*WHAT TO DO*:
What is needed is an exact copy of every entry below, minus the images.

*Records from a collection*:
=-=-=

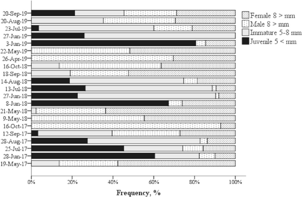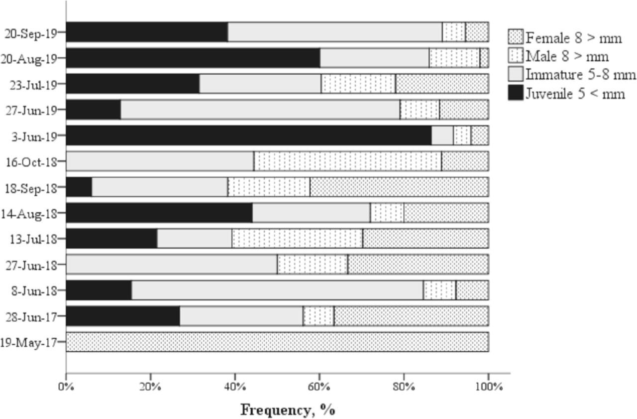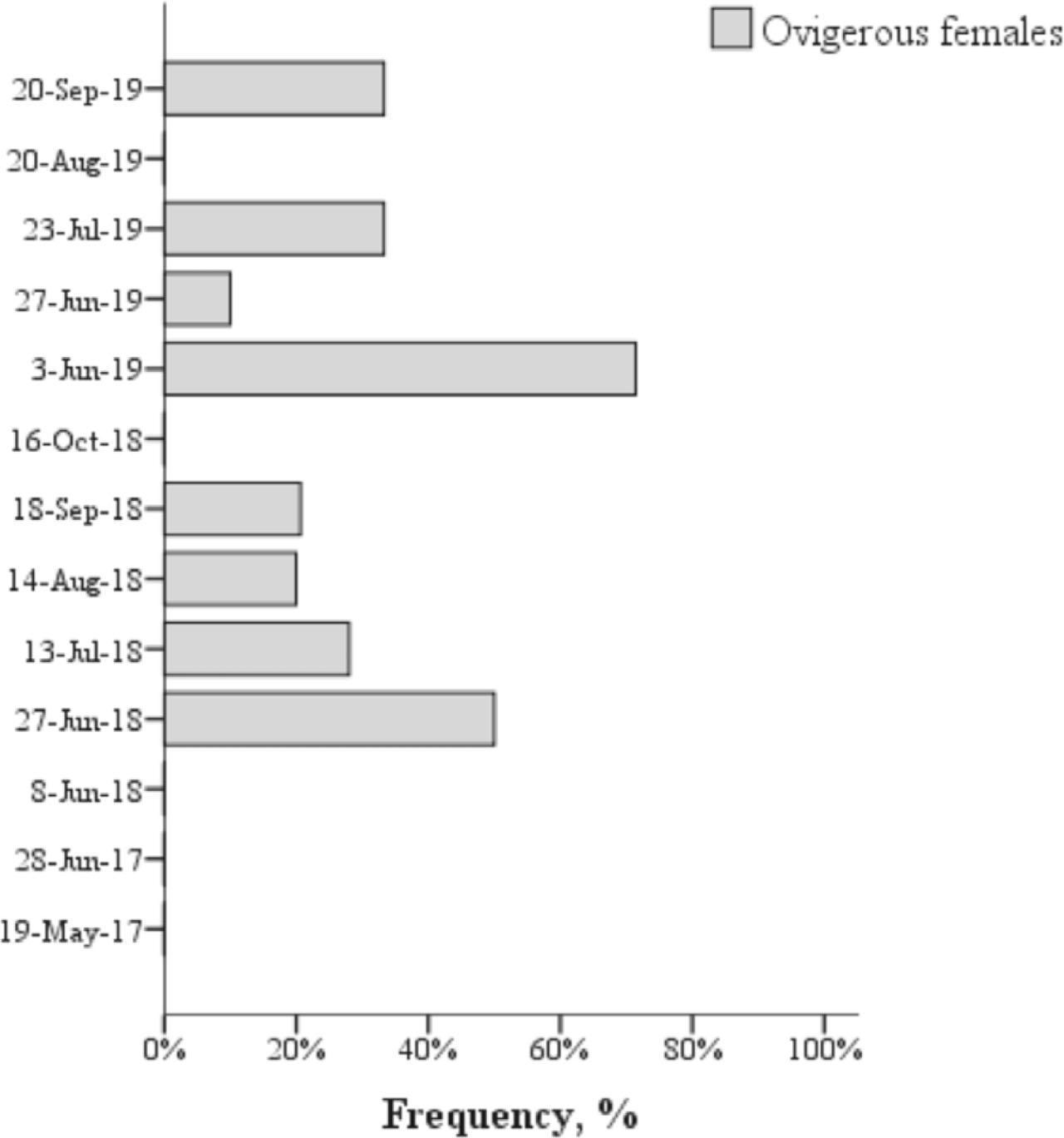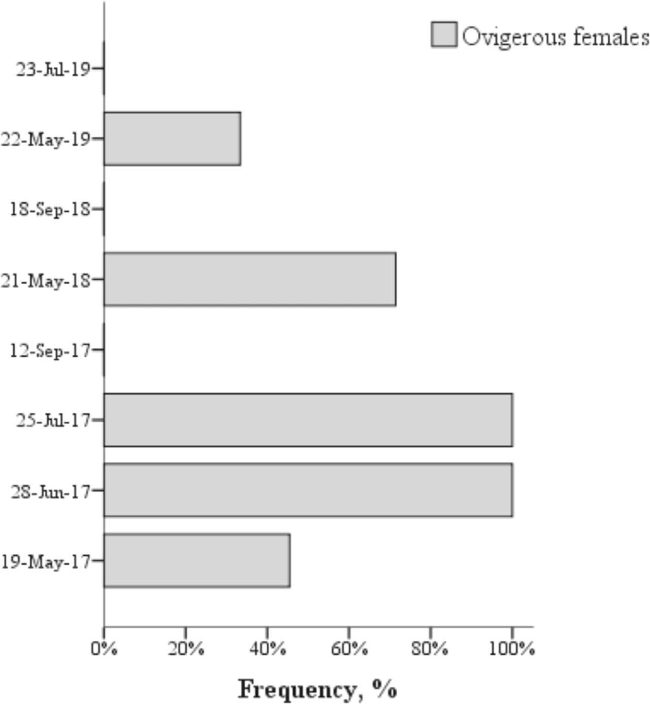 | Average size of ovigerous females, mm | - | 11.6 ± 1.3 SD | 10.9 ± 1.5 SD |
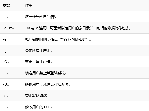 usermod命令用于修改用户的属性,格式为“usermod [选项] 用户名”。
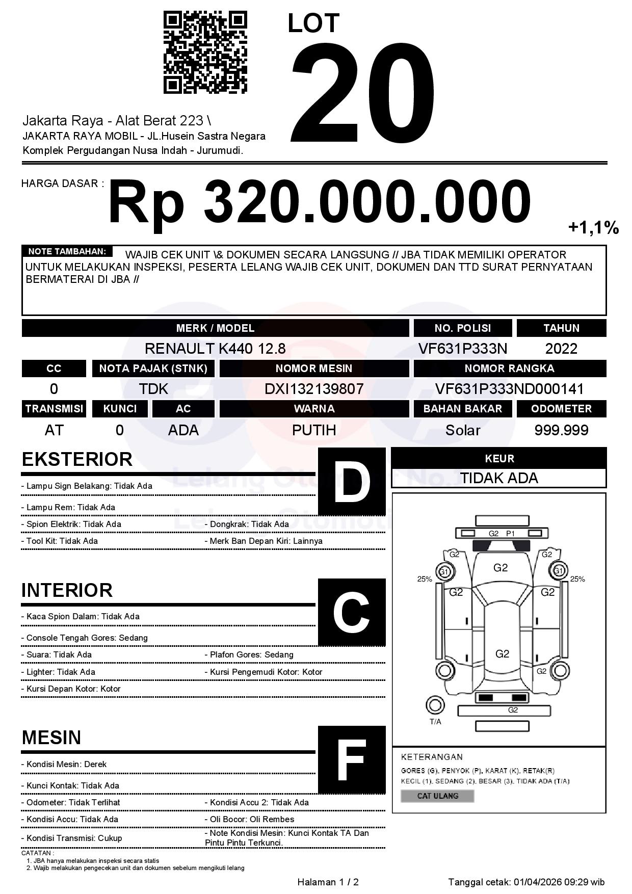 - CatatanWAJIB CEK UNIT & DOKUMEN SECARA LANGSUNG // JBA TIDAK MEMILIKI OPERATOR UNTUK MELAKUKAN INSPEKSI, PESERTA LELANG WAJIB CEK UNIT, DOKUMEN DAN TTD SURAT PERNYATAAN BERMATERAI DI JBA //
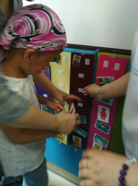 配对照片,找自己的时间表,依次取任务卡,放下任务卡。早会开始了,我学习向老师同学握手问好,学习举手表达需要。
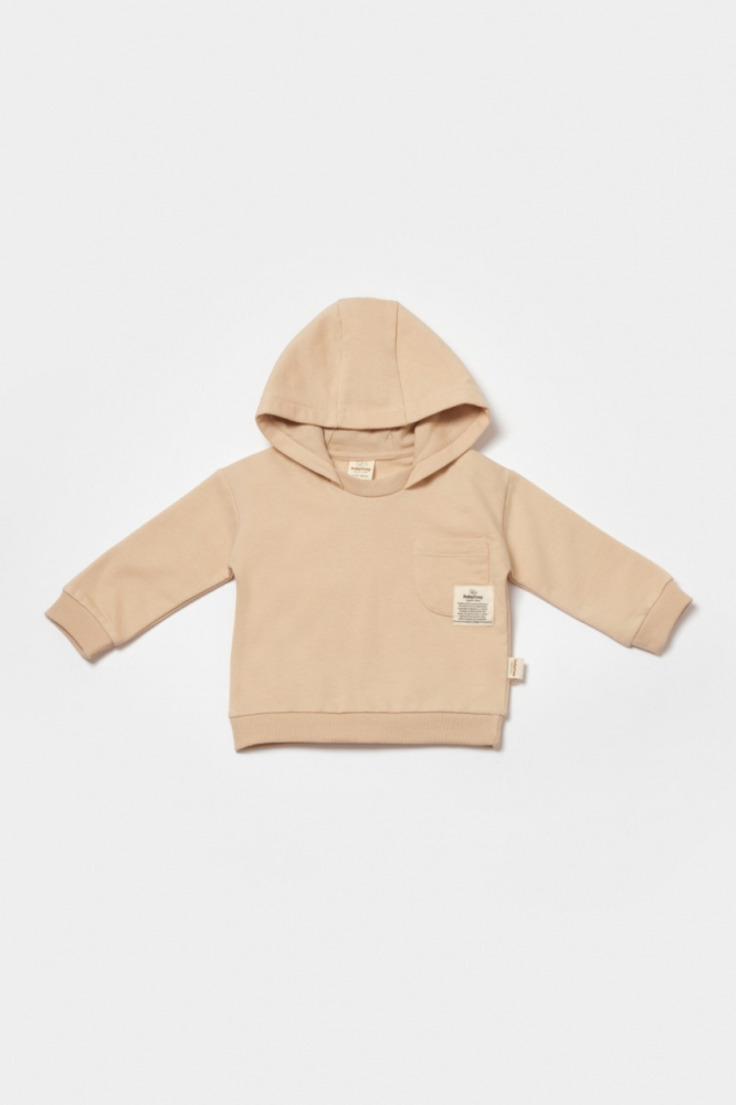 2. Hanoracul cu maneci lungi si gluga, din 100% bumbac organic,are un buzunar decotativ la piept.
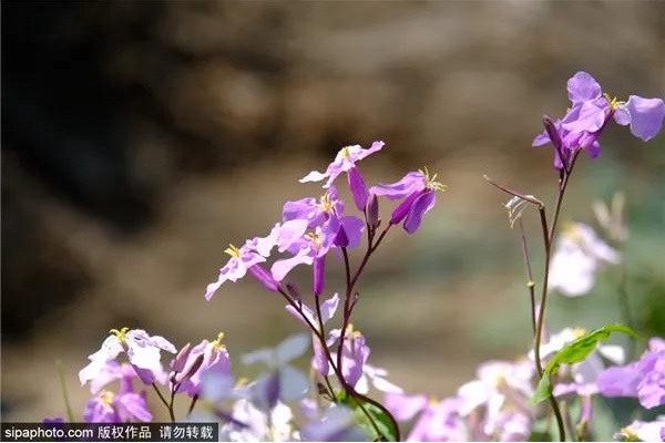 不少游人掏出手机,蹲下来拍摄随风摇曳的二月兰。
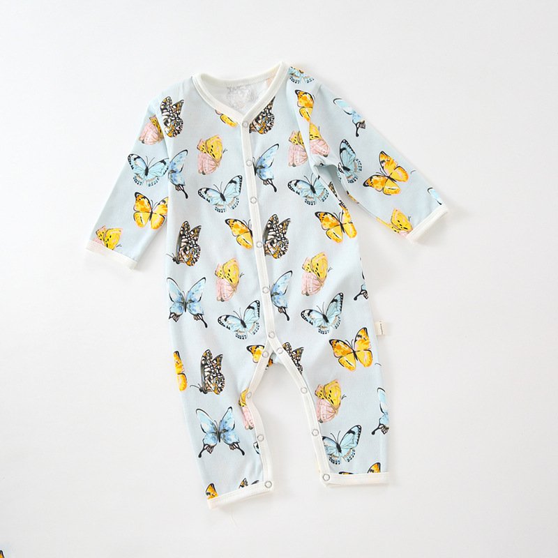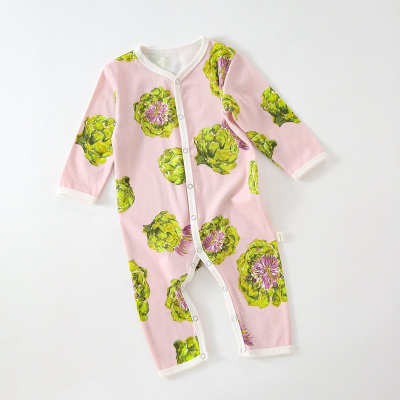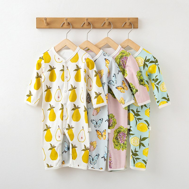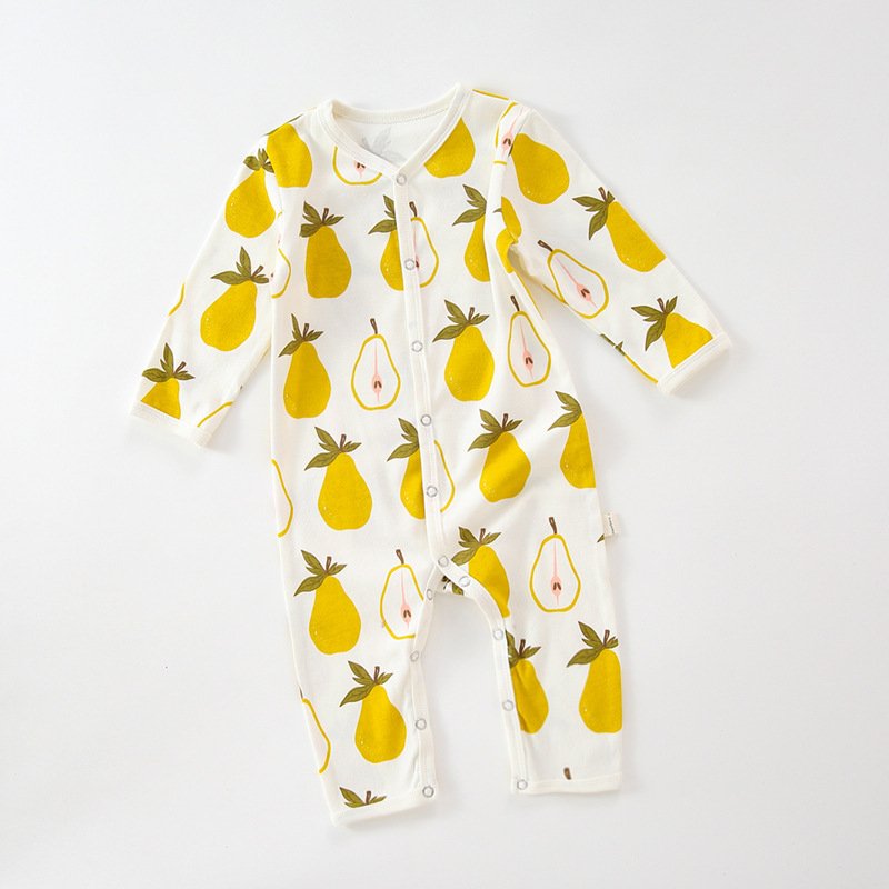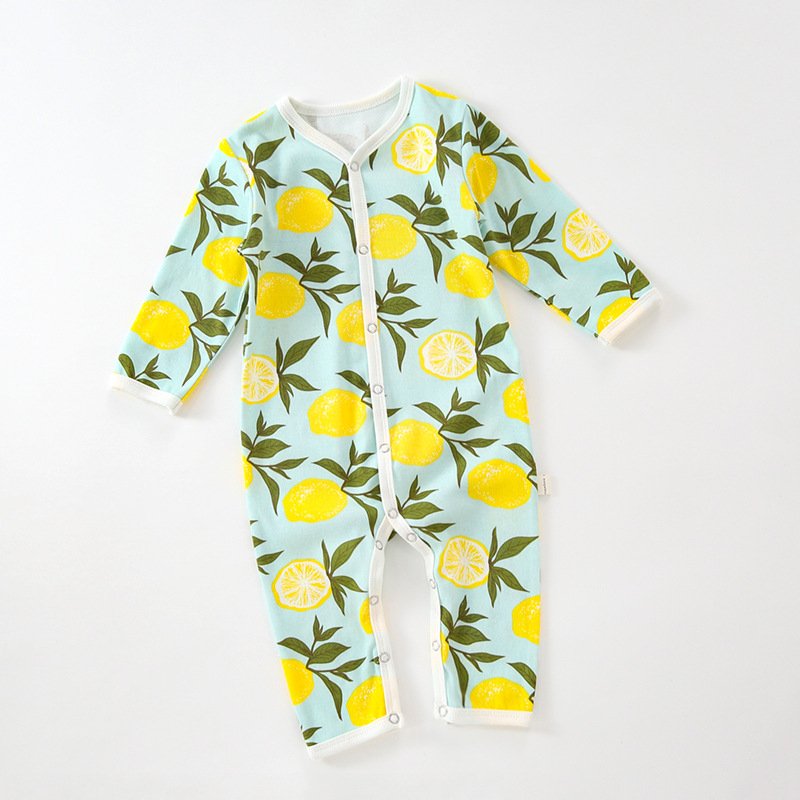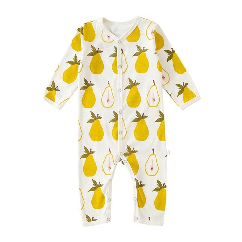 Kids Baby Unisex Spring Summer Casual Cute Pear Lemon Butterfly Pattern Cotton V Neck Jumpsuit Bodysuit
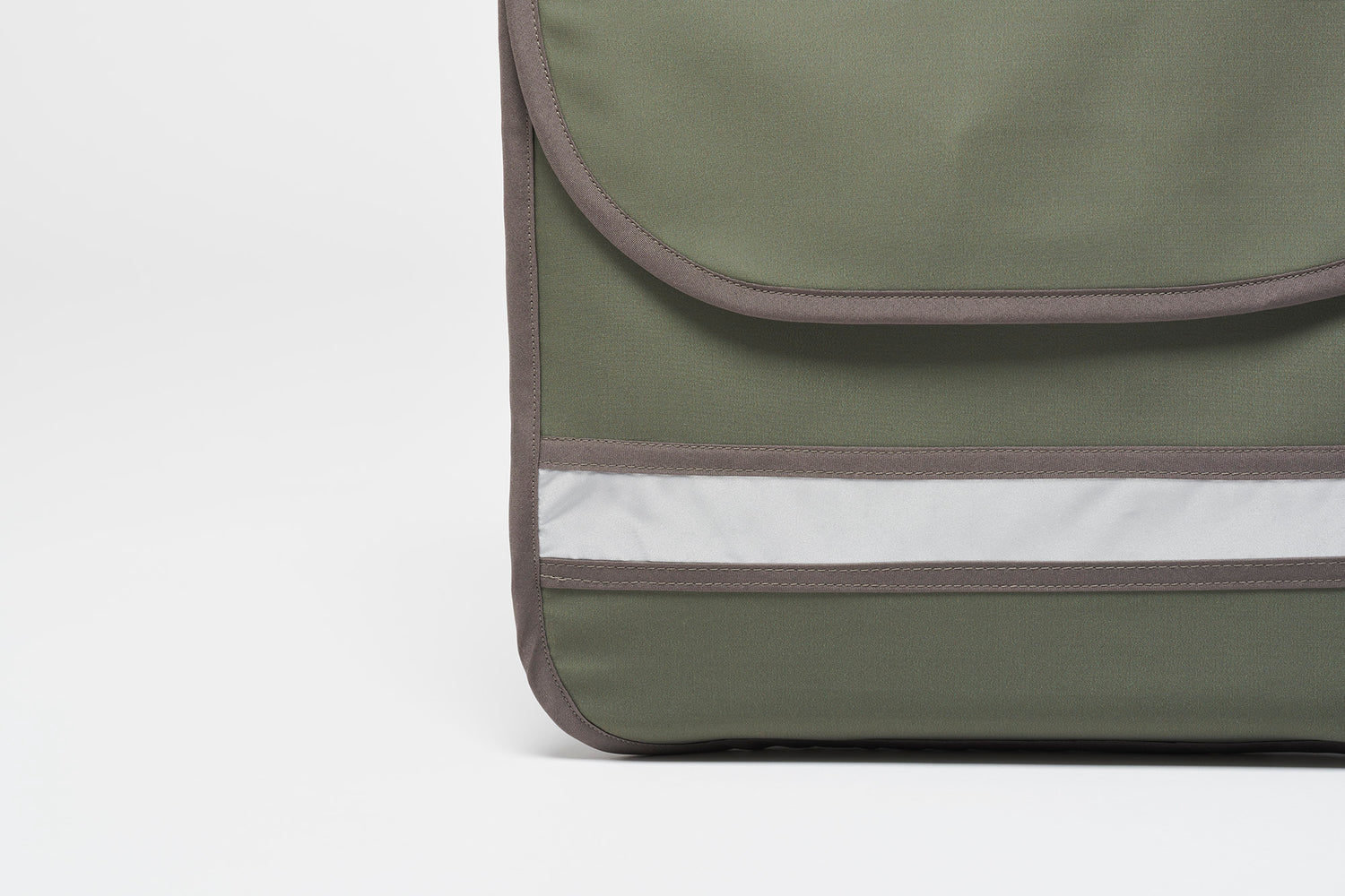両手を塞いでいたたくさんの荷物がスッキリ入る大容量ポケットにしました。傘を持つ雨の日も安心です。暗い夜道で光る反射テープもつけました。
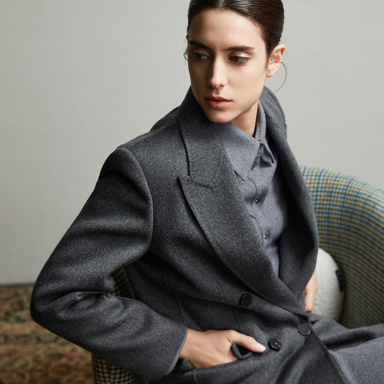 801西服领羊绒大衣女毛呢外套4785 经典 东黎山羊绒 女士秋冬中长款
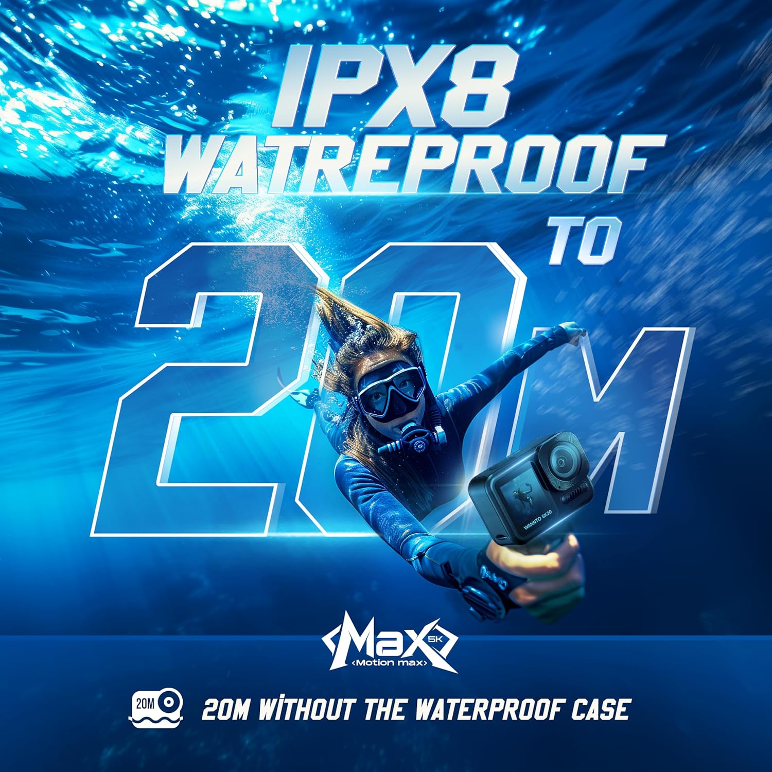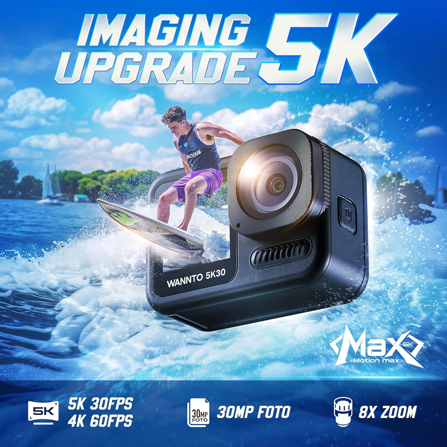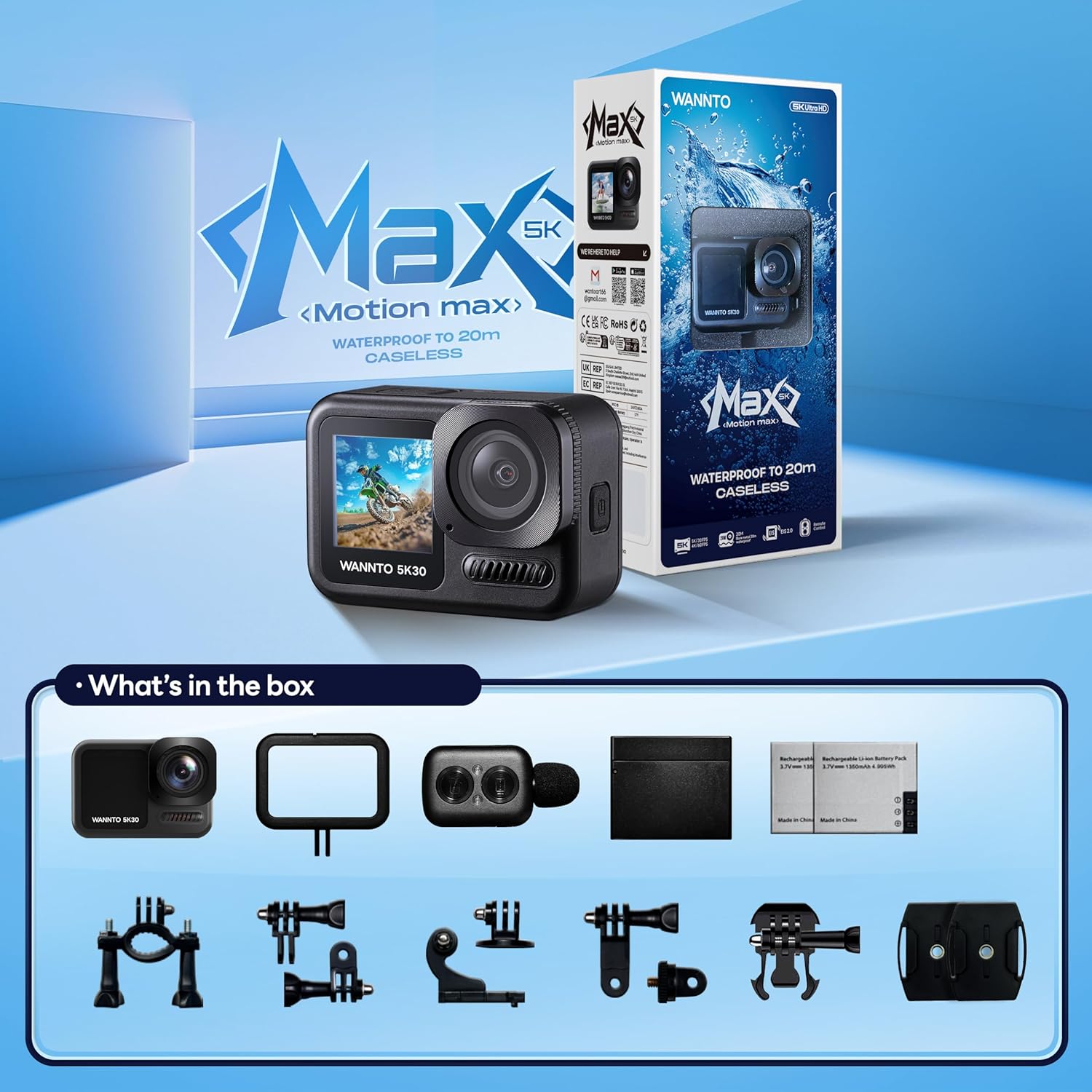 Рекламно видео Екшън камера WANNTO Motion Max Action Camera 5K60FPS 30MP WiFi IPX8 2 x 1350mAh

=-=-=

*ANSWER TO THIS TASK*:
 | Average size of ovigerous females, mm | - | 11.6 ± 1.3 SD | 10.9 ± 1.5 SD |
 usermod命令用于修改用户的属性,格式为“usermod [选项] 用户名”。
 - CatatanWAJIB CEK UNIT & DOKUMEN SECARA LANGSUNG // JBA TIDAK MEMILIKI OPERATOR UNTUK MELAKUKAN INSPEKSI, PESERTA LELANG WAJIB CEK UNIT, DOKUMEN DAN TTD SURAT PERNYATAAN BERMATERAI DI JBA //
 配对照片,找自己的时间表,依次取任务卡,放下任务卡。早会开始了,我学习向老师同学握手问好,学习举手表达需要。
 2. Hanoracul cu maneci lungi si gluga, din 100% bumbac organic,are un buzunar decotativ la piept.
 不少游人掏出手机,蹲下来拍摄随风摇曳的二月兰。
 Kids Baby Unisex Spring Summer Casual Cute Pear Lemon Butterfly Pattern Cotton V Neck Jumpsuit Bodysuit
両手を塞いでいたたくさんの荷物がスッキリ入る大容量ポケットにしました。傘を持つ雨の日も安心です。暗い夜道で光る反射テープもつけました。
 801西服领羊绒大衣女毛呢外套4785 经典 东黎山羊绒 女士秋冬中长款
 Рекламно видео Екшън камера WANNTO Motion Max Action Camera 5K60FPS 30MP WiFi IPX8 2 x 1350mAh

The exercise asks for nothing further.